La dernière caractéristique inconnue du Noachien concerne les raisons de la fin de cette époque. En effet, les terrains d’âge plus jeunes que le Noachien ne présentent aucune des caractéristiques développées précédemment, ce qui signifie qu’au moins un évènement majeur a complètement réorienté l’activité martienne. Le problème vient du fait que plusieurs événements interviennent à la même époque à l’échelle de la planète. En premier lieu, le champ magnétique de la planète s’annule (Solomon et al., 2005 ; Carr et Head, 2010), ce qui laisse l’atmosphère à la merci des vents solaires. Le bombardement tardif n’intervient qu’après la fin de l’activité du champ magnétique, car la plupart des bassins d’impacts ne présente pas de champ magnétique résiduel. Ensuite il est possible que le bombardement tardif ait provoqué des pertes de matière par dégazage dans l’espace. Un puissant volcanisme aurait ensuite recouvert une partie des terrains d’âge Noachien et aurait changé la composition de l’atmosphère pour lui donner celle qu’elle aura durant les millions d’années à venir (Phillips et al., 2001 ; Carr et Head, 2010). Cette hypothèse n’est pas entièrement satisfaisante. Par exemple, l’interrogation la plus connue est relative à la présence des phyllosilicates exclusivement sur les terrains les plus élevés topographiquement. En effet, par gravité, l’eau a tendance à s’écouler vers les points les plus bas et aurait donc dû entraîner les phyllosilicates et produire des accumulations d’argiles dans les points topographiques les plus bas. Mais les terrains martiens de basse altitude ne montrent aucune évidence de la présence de phyllosilicates. Outre la question du relief entre les terrains du Phyllosien, plus hauts, et ceux des périodes postérieures, plus bas, la question du changement de minéralogie entre ces périodes induit par un changement d’atmosphère reste également inexpliquée. Plusieurs études ont tenté d’expliquer ce phénomène par un volcanisme,

notamment à SO2, intense dans la durée et dans l’ampleur, qui aurait remodelé à la fois la

surface et l’atmosphère (Bibring et al., 2006).

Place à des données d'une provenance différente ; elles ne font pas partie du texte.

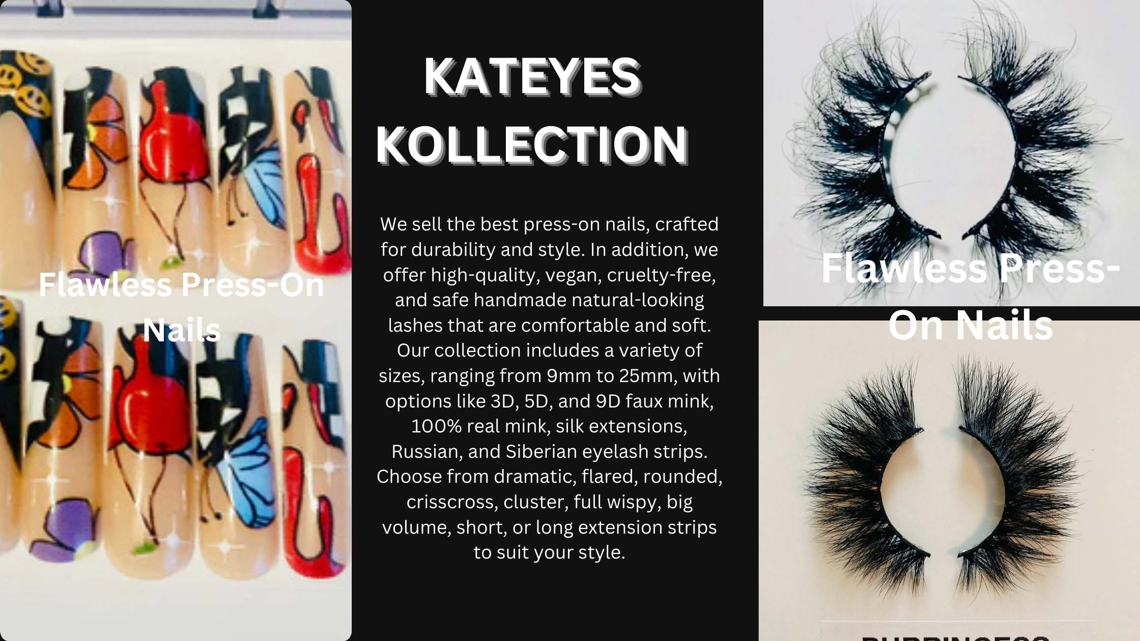 Hello Everyone My Name Is Kyria Bennett aka Kateyes. I Am The CEO Of Kateyes Kollection Eyelash Extensions Our Main Focus Is To Make Sure That Every Client Is Very Satisfied, After Every Order And That Every Client is Appealing To The Eye, Our High Quality Affordable Eyelash Strips Will Have U Misleading. Looking like The Leading Lady Of The Day Or Night. Our Lashes Comes In Various Sizes, From 9mm To 25mm, From 3D, 5D to 9D Dramatic, Flared, Rounded, Crisscross, Cluster, Wispy, Yes All Styles Are Available.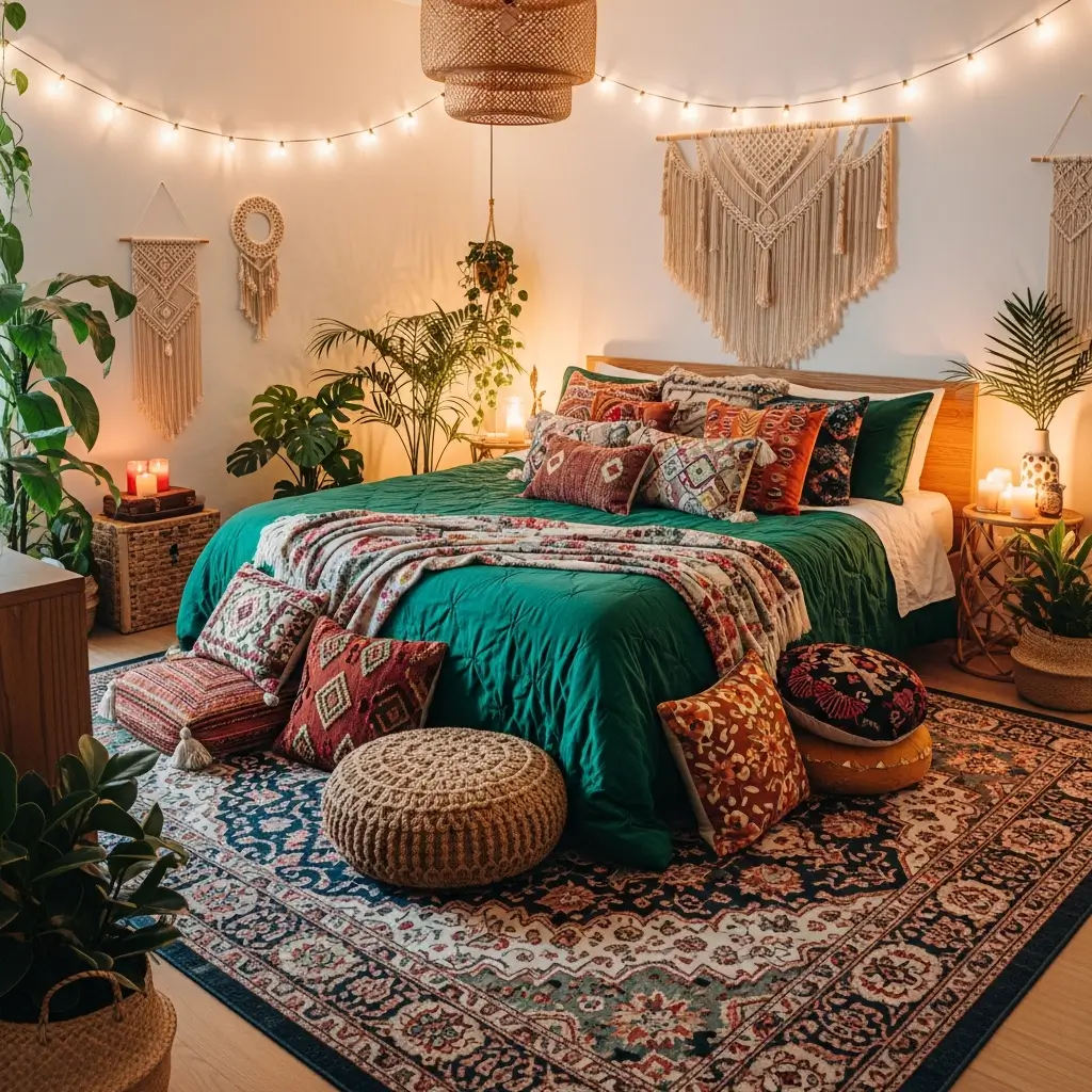 The trick is letting the emerald comforter be the star while everything else plays supporting roles. Too many competing colors and even boho style looks confused.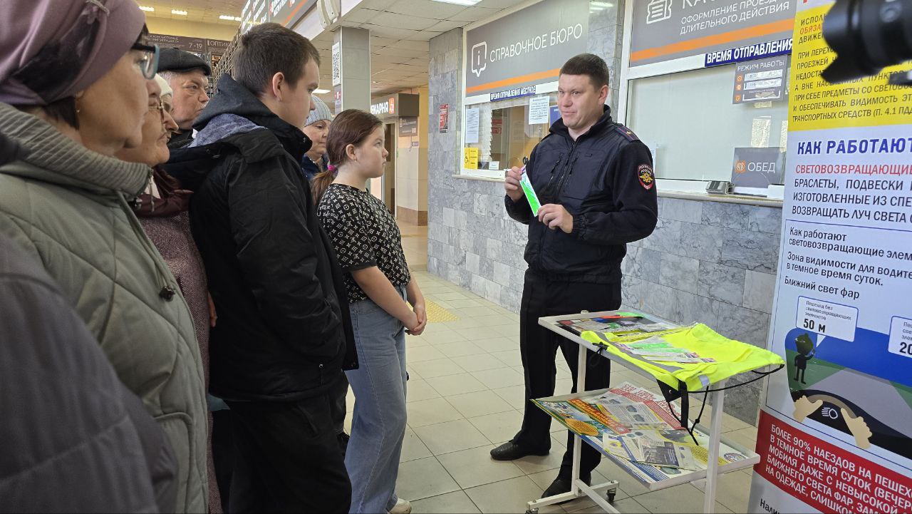 Инспекторы Госавтоинспекции совместно с работниками автовокзала провели экспресс-уроки и мастер-классы. Рассказали пассажирам про светоотражающие элементы. Показали как их нанести на одежду, чтобы быть заметными в тёмное время суток. Мероприятие направлено на уменьшение дорожных аварий с участием пешеходов.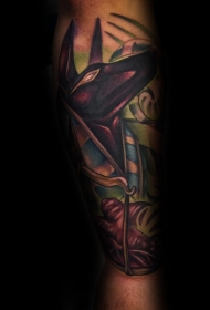 插画风格彩色埃及神阿努比斯手臂纹身图案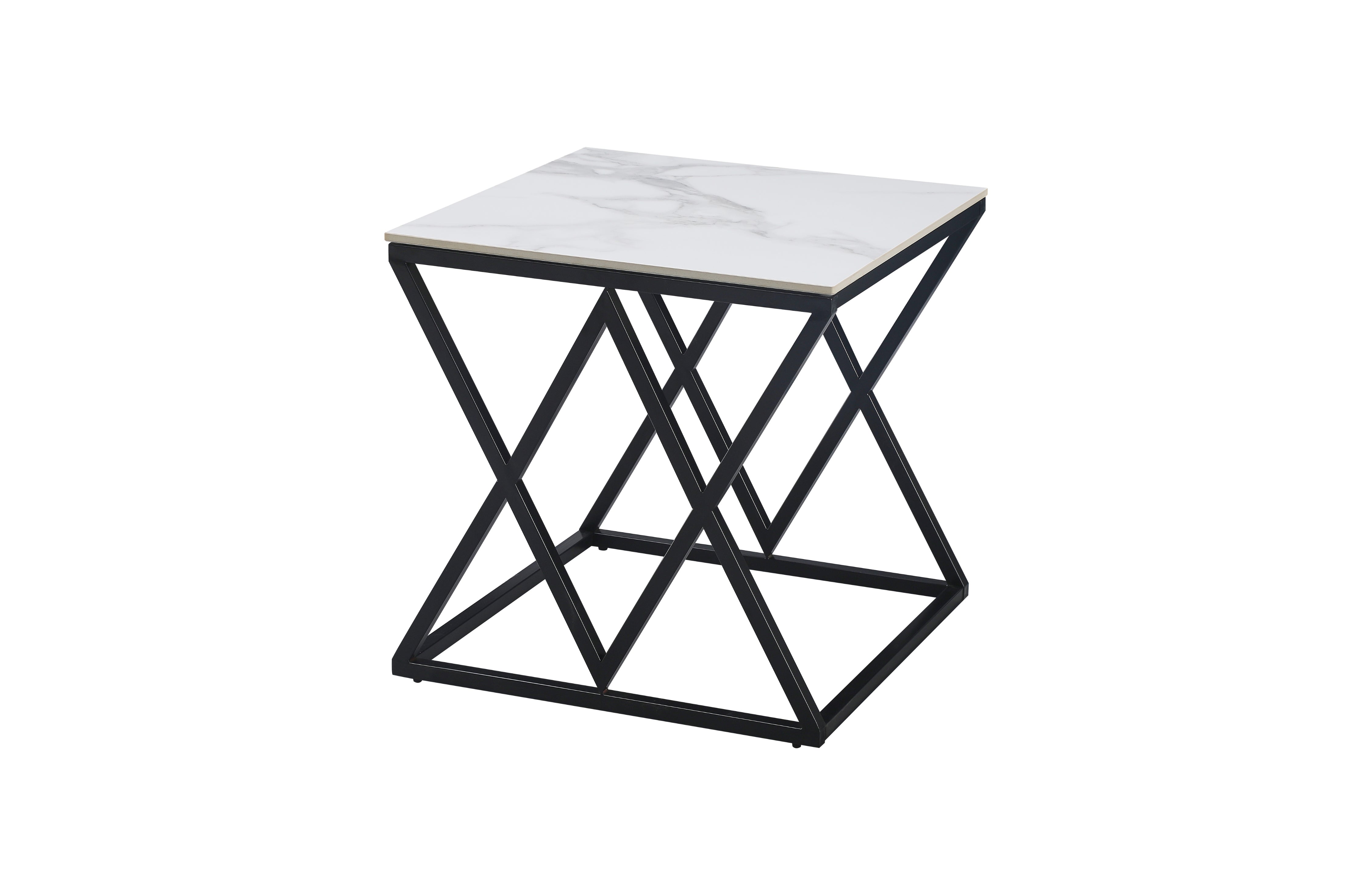 Beverly side table in matte black frame with sintered white marble stone top, contemporary look.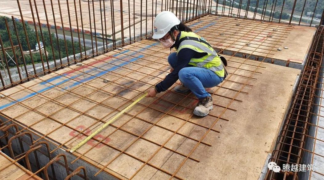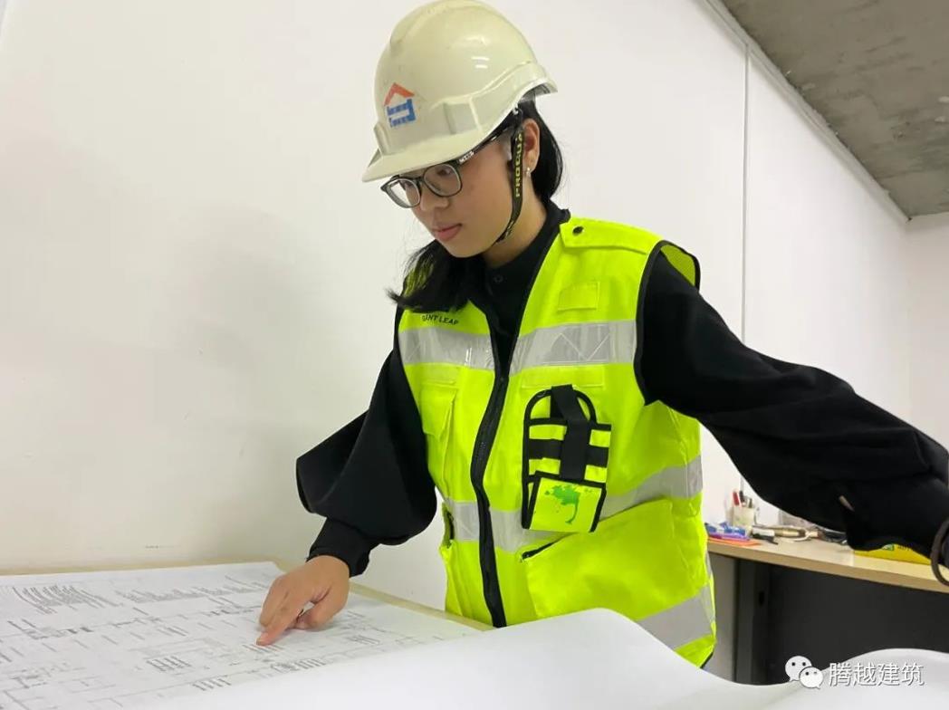 吴佩纹主要负责工程技术,事前会和甲方及建筑顾问沟通,确认图纸和施工做法,力求保质保量的推进工程进度。当时,在车库施工过程中,排水管与结构设计出现冲突,为加快现场效率、不影响浇筑工程进度,她在期间一边加快与顾问沟通设计问题,一边驻守现场指导问题验收,争分夺秒,确保在时间节点内完成工作。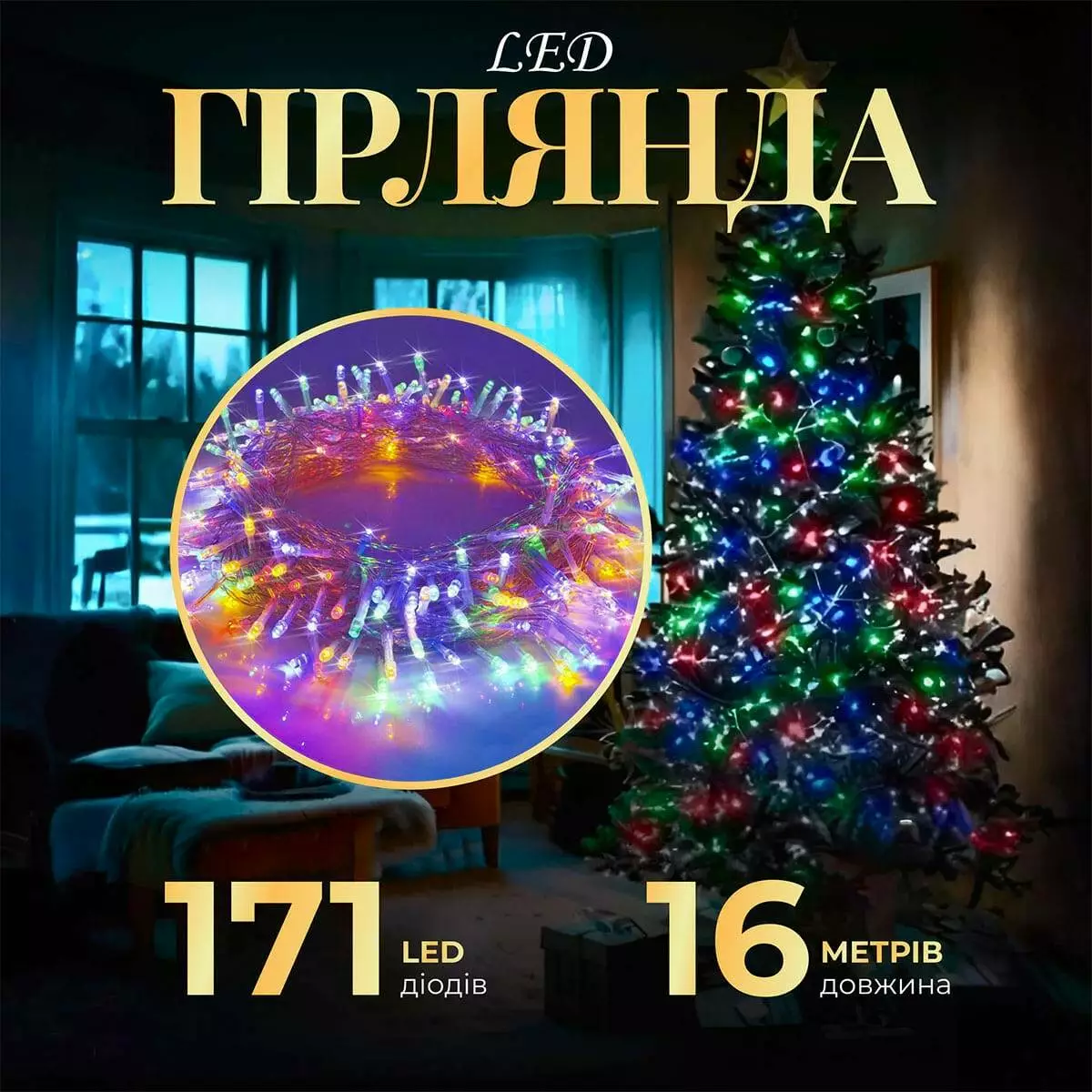 - Легкий монтаж: Гірлянду легко і просто закріпити на будь-якій

Cependant, aucun mécanisme connu ne semble expliquer comment les gaz éjectés lors du volcanisme, processus présent durant le Noachien depuis la formation de la planète, ont pu changer de composition pour permettre la précipitation importante de sulfates aux dépens des phyllosilicates. De plus, compte tenu de la composition

de l’atmosphère actuelle de Mars, principalement composée de CO2, se pose la question d’un

second changement.

Afin de répondre à ces interrogations, certains auteurs (Wilhelms et Squyres, 1984 ; Andrews-Hanna et al., 2008 ; Marinova et al., 2008 ; Nimmo et al., 2008) évoquent la possibilité qu’un ou plusieurs impacts géants aient percuté Mars au niveau de la calotte polaire Nord, emportant une partie de la croûte et des gaz de l’atmosphère. Cet impact ou ces impacts, d’une puissance énorme, seraient le facteur déclencheur de l’arrêt du champ magnétique

martien (Nimmo et al., 2008), ce qui expliquerait également pourquoi des résidus de champ magnétique sont encore observables dans les grandes plaines du Nord. Ensuite, peu après, le bombardement tardif a redessiné la surface martienne avec des impacts comme Hellas ou Utopia. Avec le refroidissement de la croûte, une nouvelle calotte polaire est apparue composée de glace d’eau pure alimentée par l’atmosphère.